Boo! to Yahoo! No-telecommuting Edict

(NECN: Peter Howe, Cambridge/Chestnut Hill, Mass.) - America’s most famous working Mom may now be America’s most-vilified boss.

Weeks after charging back in to work just days after giving birth, Yahoo CEO Marissa Mayer stunned her staff this week by declaring come June, there is no more telecommuting from home allowed and everyone must come work in a Yahoo office.

As the sixth CEO in barely five years for a company many call bloated and reeling under competition from Google and other Internet search engines and content and e-mail providers, Mayer’s move is being called by some a necessary jolt, and a way short of mass layoffs to shake loose under-motivated workers who may be sticking with Yahoo just for the work-at-home perk.

But backlash against the policy has been swift, and nationwide, with many saying it’s an especially bad signal to be sent by a working mother who should be championing, not shutting down, one of the most popular ways for parents to juggle family and work and maximize their productive contribution to corporate life

“It’s moving backwards in terms of work-family issues, and it's also a pretty regressive move in terms of just general business leadership,’’ Boston College management professor Brad Harrington, who heads BC’s Center for Work and Family, said in an interview Tuesday. “It seems very out of synch with a lot of what our research says and a lot of what the most successful companies are doing these days.’’

Studies generally find about 1 in 10 working Americans regularly log a substantial number of their weekly work hours from home through Internet and phone connections or meetings outside the workplace. Many studies show telecommuting time has been growing, and most companies and organizations expect their employees to put in more hours at home and outside the office – and many are counting on work-from-home arrangements to reduce their need for expensive, often underutilized office space.

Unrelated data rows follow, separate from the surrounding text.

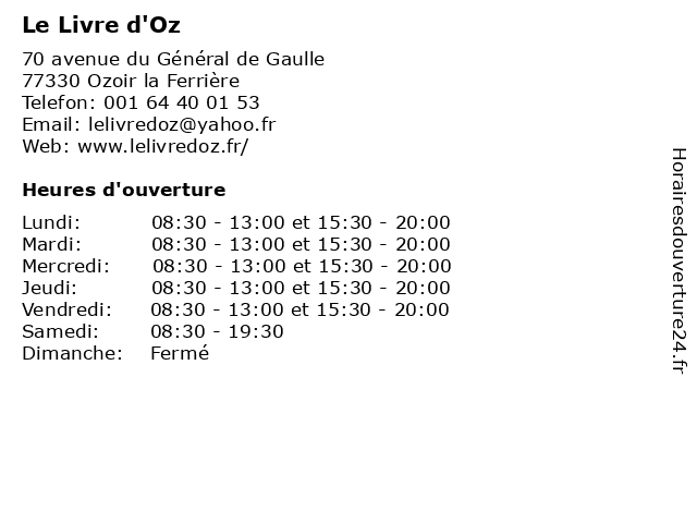 | Mardi | 08:30-13:00 et 15:30-20:00 |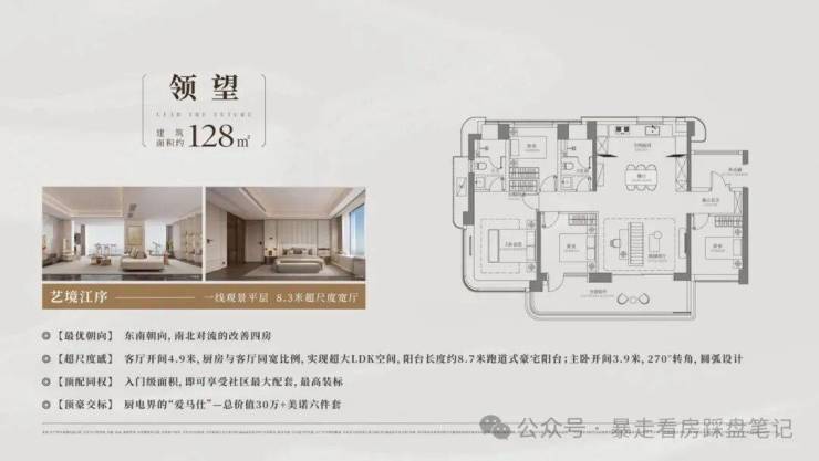 PART 05 奢艺环幕景观台新规产品涵盖128/138/183/238㎡,拥有超100%的使用率,匠心设计,确保极致的江景视野超100%实用率,户户270°转角窗,全广角瞰江视野,境藏滨江质感生活。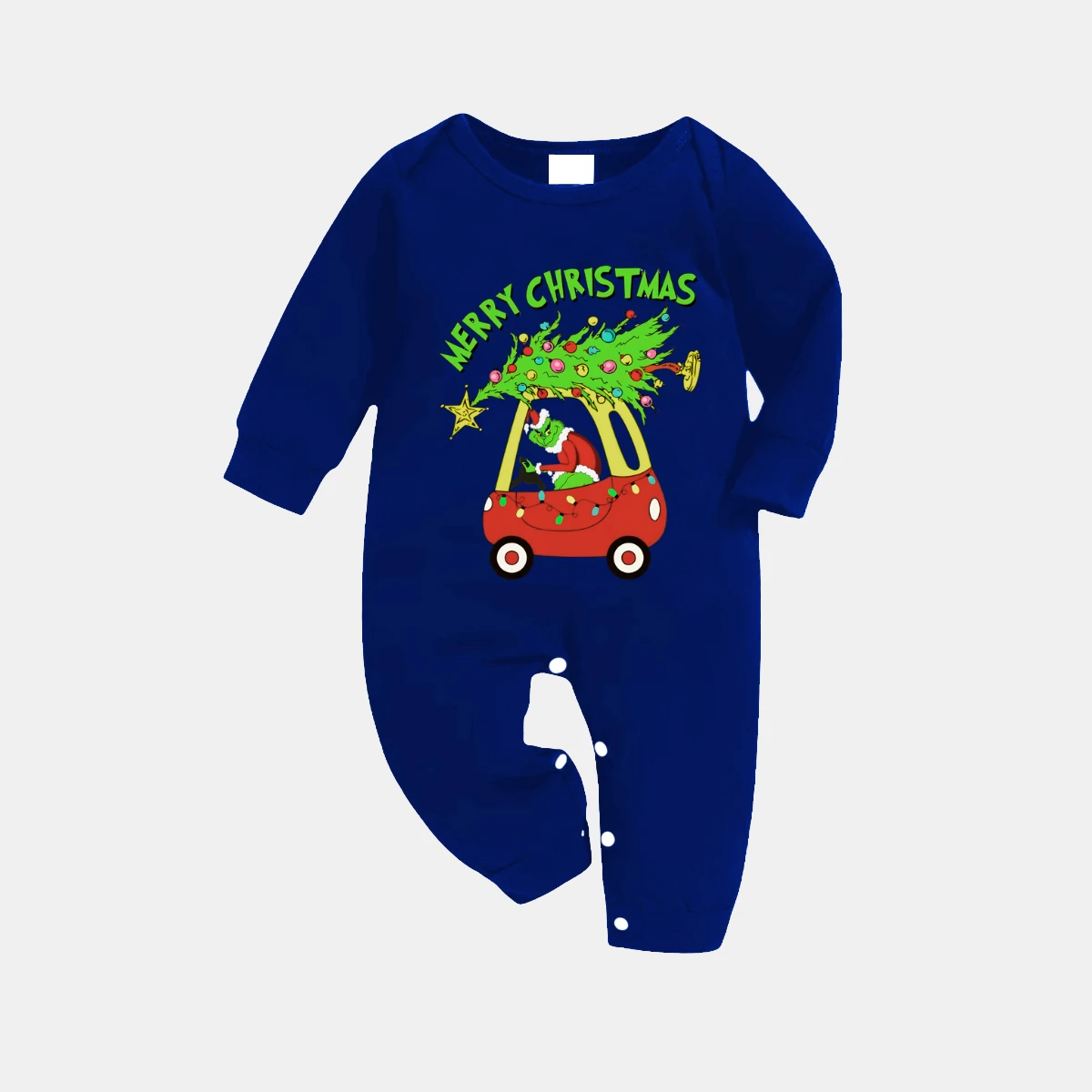 Navy & White Plaid Christmas Pajamas Set With Grinch and Christmas Tree Print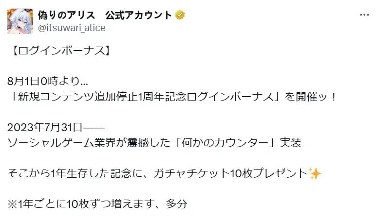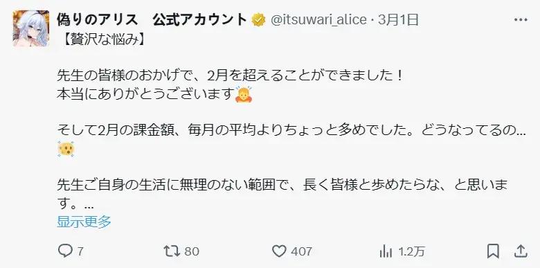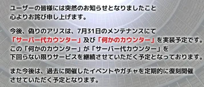 爲了不讓遊戲徹底停服,一批又一批的新玩家開始了《虛僞愛麗絲》的旅途。大家的消費熱情並沒有隨着時間的推移而流逝,每個月近200萬日元的服務器運營費用通常都會在10號左右順利達成,如果玩家們氪金太過積極,官方甚至還會發文勸大家量力而行。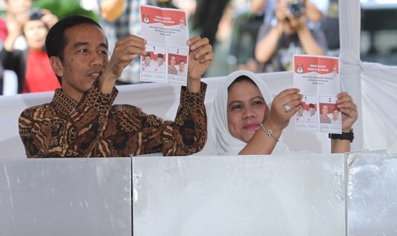 Joko Widodo (Jokowi) dan Istri Iriana saat menggunakan hak pilihnya pada Pilpres 2019. PALAPA POS/Istimewa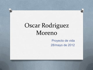 Este documento presenta el proyecto de vida de Oscar Rodriguez Moreno. Su misión en la vida personal es terminar sus estudios y estudiar publicidad. Profesionalmente, quiere conseguir un trabajo estable en publicidad y especializarse en diseño gráfico. A largo plazo, desea ser un buen hijo, hermano y padre, tener su propia casa, y viajar por el mundo. Su objetivo es terminar sus estudios y convertirse en un profesional de publicidad en 10 años. Creció en una familia humilde pero cariñosa en Bogotá.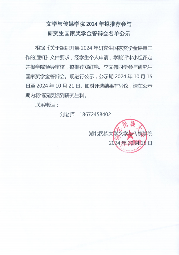 文学与传媒学院2024年拟推荐参与研究生国家奖学金答辩会名单公示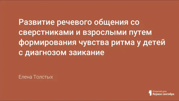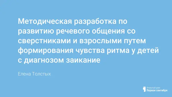 Развитие речевого общения со сверстниками и взрослыми путем формирования чувства ритма у детей с диагнозом заикание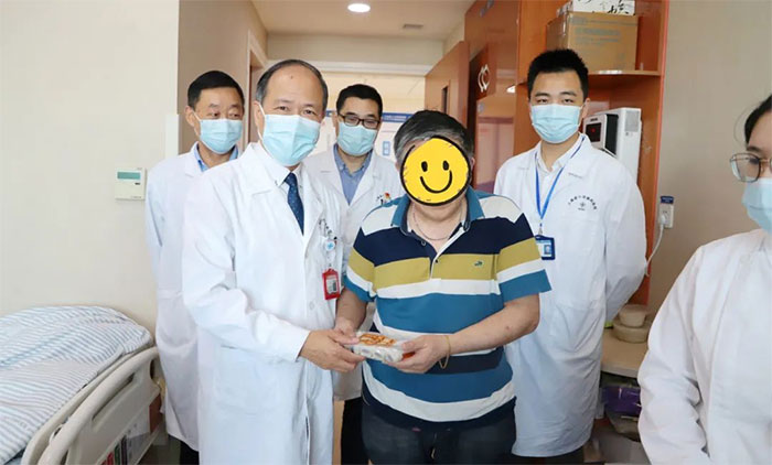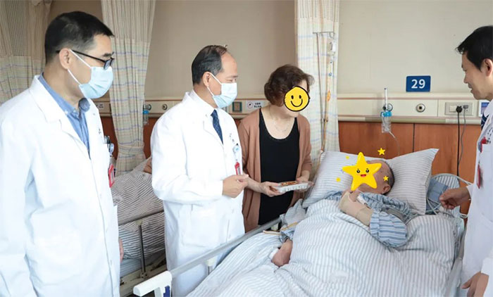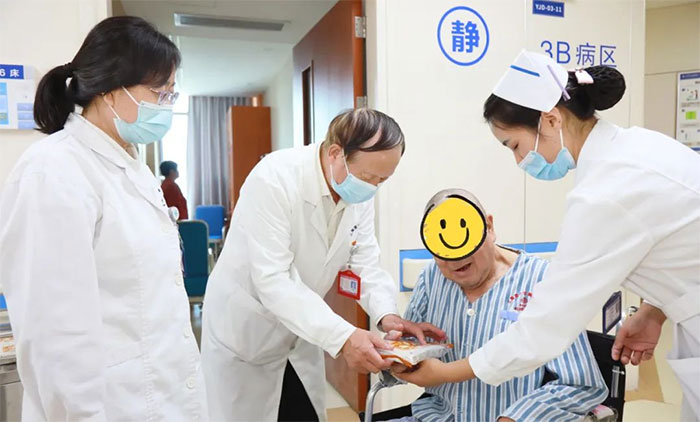 6A病區(qū)的金奶奶是一名退休教師,因腦梗死、骨折等入住醫(yī)院,入院時臥床、生活不能自理、不識人,一度病危,經過精心救治、護理及康復,如今已能下床行走,也能認得親友。在中國傳統(tǒng)節(jié)日重陽節(jié)收到朱敏總經理送來的重陽糕和慰問,金奶奶及家屬十分感動。“感謝院領導的關心,想得這么周到;感謝醫(yī)生護士的精心照護。謝謝!”金奶奶的家屬說到。在親友的鼓勵下,金奶奶現(xiàn)場吟誦了王維的詩歌《九月九日憶山東兄弟》。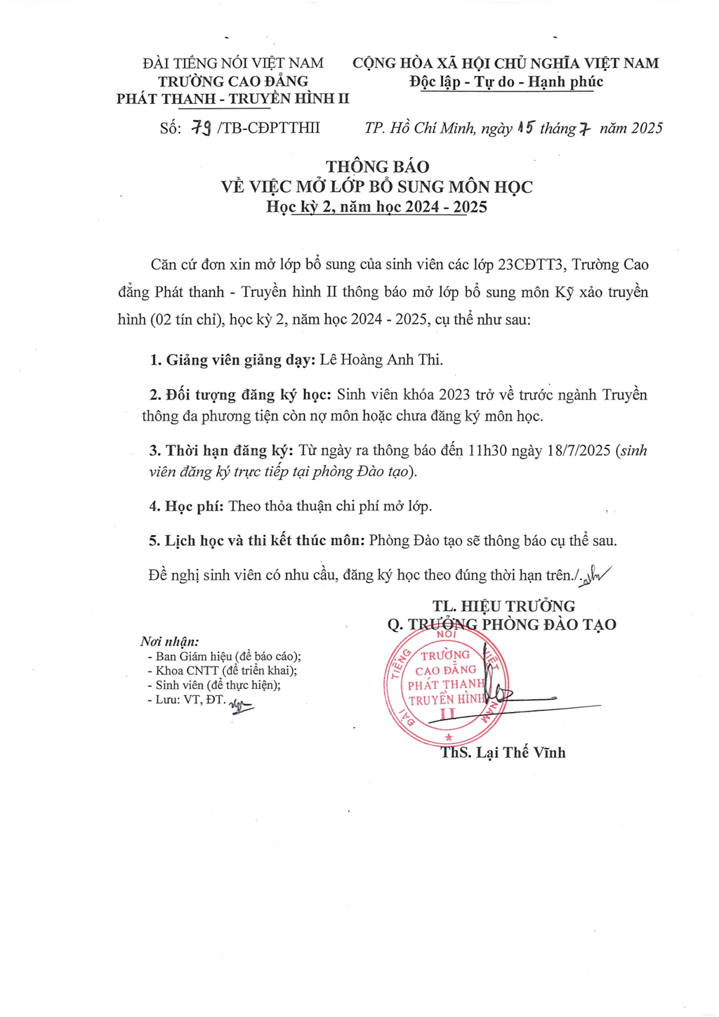 Thông báo về việc mở lớp bổ sung môn Kỹ xảo truyền hình (ngành truyền thông)

Harrington – who once worked a management job for Silicon Valley technology giant Hewlett-Packard while based in Boston and travelling to California for two weeks each month while his kids were very young – said Mayer’s telecommuting ukase was an especially strange move for the head of an Internet company.

“She's in a technology company, and she's running a technology company. Technology companies are usually on the vanguard of these kinds of virtual workplaces,’’ Harrington said. “It's very unusual for a technology company to say, ‘Well, if you're working remotely, you're really not connected to the office.'"

In a widely leaked e-mail to Yahoo! employees, Mayer’s top human-relations aide explained the policy change by saying: “To become the absolute best place to work, communication and collaboration will be important, so we need to be working side-by-side … We need to be one Yahoo!, and that starts with physically being together."

In Kendall Square, Cambridge, Patrick Sweeney, CEO of social-media marketing startup dwinQ, said Mayer’s edict makes sense to him. “I don't think it'll be well received by workers, but I think those are the type of workers they probably don't want to have around anyways,’’ Sweeney said.

At dwinQ, Sweeney said he employs five full-time telecommuters, and five more people who regularly work from home, but requires they all get regular office face time.

“Culturally, we make sure they come in every couple of weeks, so they can be with the team, go out to lunch,’’ and participate in other face-to-face, real-time exchanges, Sweeney said. “That's so important from a cultural perspective, to have people in to collaborate and share ideas, and you really have to be in the office and you have to be with a team.’’

While there have been a profusion of books and white papers and management seminars on making telecommuting work, the fact remains it is very popular among Americans. Collaboration software maker Wrike.com recently surveyed more than 1,000 technology professionals and team members and managers, finding 54 percent said they'd be willing to give up their company-paid cellphone in exchange for being able to telecommute, 31 percent said they'd be willing to take less paid vacation, and 25 percent even said they would take a salary cut if that was what it took to be able to work from home.

Harrington’s academic center closely studies over 80 big corporations work-life policies and practices. In keeping with the adage that if you want to get something done, give the job to a busy person, Harrington said the center’s research has consistently found a clear correlation between who are the top performers in an organization – and who are the people most interested in work-from-home flexibility, saying the same kinds of people who are committed to being good parents or caregivers or community-minded volunteers, not surprisingly, tend to be committed company workers, too.

“People who are high-energy, they're talented, they're the kind of people who are in demand within the workplace -- they're also the people who are just are the kind of people who are going home trying to be engaged with their children, coaching, being involved in community activities and so forth’’ and holding those as important personal priorities, Harrington said. “They're high-energy and high-engagement kinds of individuals.’’

For Yahoo!, the question still to be answered: How much does it lose in talent and round-the-clock productivity from its new policy, and how much does it gain from keeping its most committed workers and getting more collaboration and brainstorming inspirations from having them spend more time together, in person.